* What the task requires
Beneath this line sits some data. Return only its lines from the one holding "1/27㈭① 今日のお花 シラー" through the one holding "The fuel spray", inclusive, exactly, with the images removed.

* Entries supplied
•••••

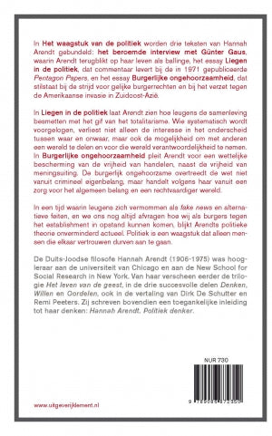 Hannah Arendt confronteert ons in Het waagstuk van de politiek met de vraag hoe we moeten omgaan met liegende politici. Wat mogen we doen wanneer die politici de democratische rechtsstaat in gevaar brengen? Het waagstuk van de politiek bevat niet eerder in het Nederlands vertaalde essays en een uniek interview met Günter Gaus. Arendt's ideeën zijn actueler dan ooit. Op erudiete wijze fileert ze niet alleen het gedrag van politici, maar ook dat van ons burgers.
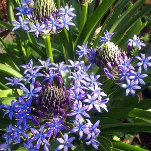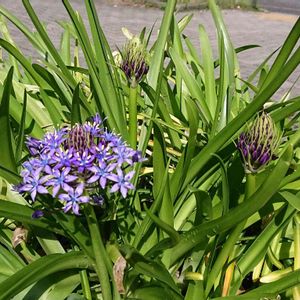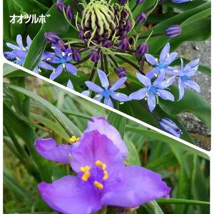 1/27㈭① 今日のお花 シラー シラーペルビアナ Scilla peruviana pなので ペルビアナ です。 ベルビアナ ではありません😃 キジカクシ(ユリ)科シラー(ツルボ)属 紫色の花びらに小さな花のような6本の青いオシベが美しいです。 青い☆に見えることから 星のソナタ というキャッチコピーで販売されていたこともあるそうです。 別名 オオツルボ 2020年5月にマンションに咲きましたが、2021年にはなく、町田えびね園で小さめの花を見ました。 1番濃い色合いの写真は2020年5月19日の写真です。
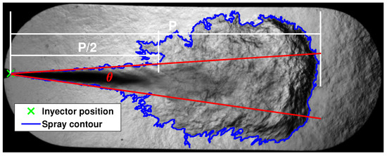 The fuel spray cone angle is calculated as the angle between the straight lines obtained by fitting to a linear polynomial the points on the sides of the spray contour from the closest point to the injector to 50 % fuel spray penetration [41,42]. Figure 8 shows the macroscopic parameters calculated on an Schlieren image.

•••••

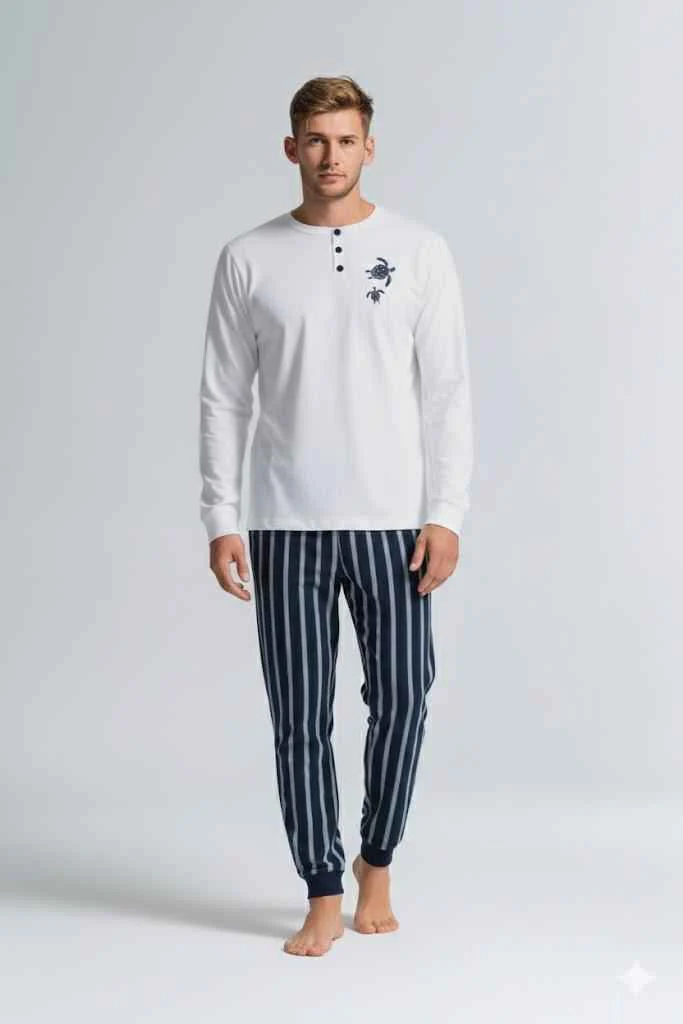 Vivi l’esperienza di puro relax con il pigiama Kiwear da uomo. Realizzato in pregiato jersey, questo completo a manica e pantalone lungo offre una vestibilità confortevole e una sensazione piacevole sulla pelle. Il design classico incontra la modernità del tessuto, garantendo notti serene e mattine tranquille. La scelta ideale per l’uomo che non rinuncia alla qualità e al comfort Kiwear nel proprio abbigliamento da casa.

•••••

* Reply
 1/27㈭① 今日のお花 シラー シラーペルビアナ Scilla peruviana pなので ペルビアナ です。 ベルビアナ ではありません😃 キジカクシ(ユリ)科シラー(ツルボ)属 紫色の花びらに小さな花のような6本の青いオシベが美しいです。 青い☆に見えることから 星のソナタ というキャッチコピーで販売されていたこともあるそうです。 別名 オオツルボ 2020年5月にマンションに咲きましたが、2021年にはなく、町田えびね園で小さめの花を見ました。 1番濃い色合いの写真は2020年5月19日の写真です。
 The fuel spray cone angle is calculated as the angle between the straight lines obtained by fitting to a linear polynomial the points on the sides of the spray contour from the closest point to the injector to 50 % fuel spray penetration [41,42]. Figure 8 shows the macroscopic parameters calculated on an Schlieren image.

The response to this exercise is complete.